§ **Your assignment**
A faithful copy is required: transcribe each line below exactly, minus the pictures.
═════ Record extracts
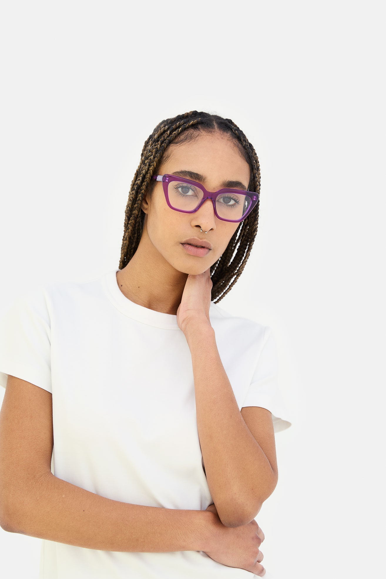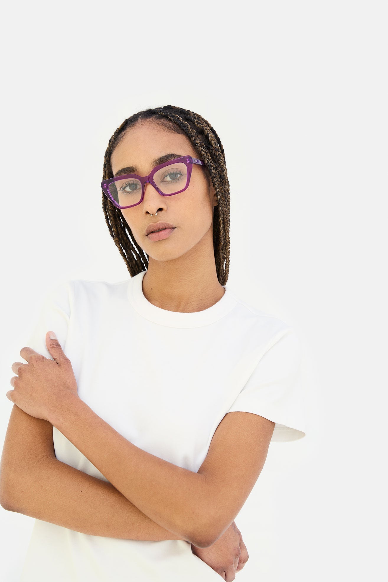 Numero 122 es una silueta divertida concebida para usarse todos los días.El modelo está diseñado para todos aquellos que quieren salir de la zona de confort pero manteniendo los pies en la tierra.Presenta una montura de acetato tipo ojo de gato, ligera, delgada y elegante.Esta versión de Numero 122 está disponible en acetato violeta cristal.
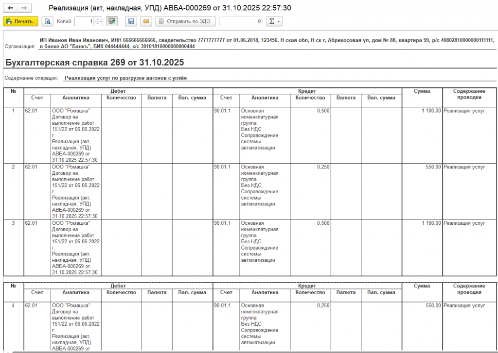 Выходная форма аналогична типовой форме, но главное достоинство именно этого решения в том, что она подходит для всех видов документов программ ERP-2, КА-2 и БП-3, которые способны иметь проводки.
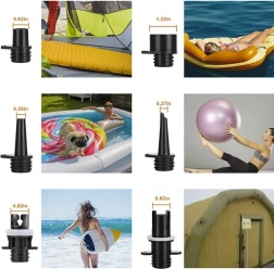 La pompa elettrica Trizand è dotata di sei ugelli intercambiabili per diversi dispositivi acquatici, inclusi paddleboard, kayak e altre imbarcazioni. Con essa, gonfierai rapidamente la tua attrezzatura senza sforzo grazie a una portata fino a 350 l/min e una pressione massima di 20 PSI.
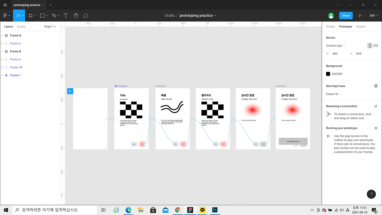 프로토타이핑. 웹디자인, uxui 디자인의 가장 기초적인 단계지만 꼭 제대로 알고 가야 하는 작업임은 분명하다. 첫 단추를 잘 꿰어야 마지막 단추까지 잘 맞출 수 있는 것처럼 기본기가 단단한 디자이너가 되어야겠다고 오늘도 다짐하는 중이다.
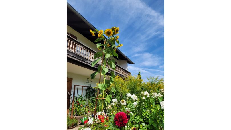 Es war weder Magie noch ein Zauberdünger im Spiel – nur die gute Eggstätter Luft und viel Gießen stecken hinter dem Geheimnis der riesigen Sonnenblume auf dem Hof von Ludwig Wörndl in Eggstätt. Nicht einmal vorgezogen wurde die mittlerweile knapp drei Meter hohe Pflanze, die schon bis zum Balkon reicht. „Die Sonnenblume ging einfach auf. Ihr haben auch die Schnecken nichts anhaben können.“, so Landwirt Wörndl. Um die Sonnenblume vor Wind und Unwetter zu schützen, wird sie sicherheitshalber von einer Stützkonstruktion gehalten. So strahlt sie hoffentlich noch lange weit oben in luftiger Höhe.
══════════
§ **Solution to the exercise**
 Numero 122 es una silueta divertida concebida para usarse todos los días.El modelo está diseñado para todos aquellos que quieren salir de la zona de confort pero manteniendo los pies en la tierra.Presenta una montura de acetato tipo ojo de gato, ligera, delgada y elegante.Esta versión de Numero 122 está disponible en acetato violeta cristal.
 Выходная форма аналогична типовой форме, но главное достоинство именно этого решения в том, что она подходит для всех видов документов программ ERP-2, КА-2 и БП-3, которые способны иметь проводки.
 La pompa elettrica Trizand è dotata di sei ugelli intercambiabili per diversi dispositivi acquatici, inclusi paddleboard, kayak e altre imbarcazioni. Con essa, gonfierai rapidamente la tua attrezzatura senza sforzo grazie a una portata fino a 350 l/min e una pressione massima di 20 PSI.
 프로토타이핑. 웹디자인, uxui 디자인의 가장 기초적인 단계지만 꼭 제대로 알고 가야 하는 작업임은 분명하다. 첫 단추를 잘 꿰어야 마지막 단추까지 잘 맞출 수 있는 것처럼 기본기가 단단한 디자이너가 되어야겠다고 오늘도 다짐하는 중이다.
 Es war weder Magie noch ein Zauberdünger im Spiel – nur die gute Eggstätter Luft und viel Gießen stecken hinter dem Geheimnis der riesigen Sonnenblume auf dem Hof von Ludwig Wörndl in Eggstätt. Nicht einmal vorgezogen wurde die mittlerweile knapp drei Meter hohe Pflanze, die schon bis zum Balkon reicht. „Die Sonnenblume ging einfach auf. Ihr haben auch die Schnecken nichts anhaben können.“, so Landwirt Wörndl. Um die Sonnenblume vor Wind und Unwetter zu schützen, wird sie sicherheitshalber von einer Stützkonstruktion gehalten. So strahlt sie hoffentlich noch lange weit oben in luftiger Höhe.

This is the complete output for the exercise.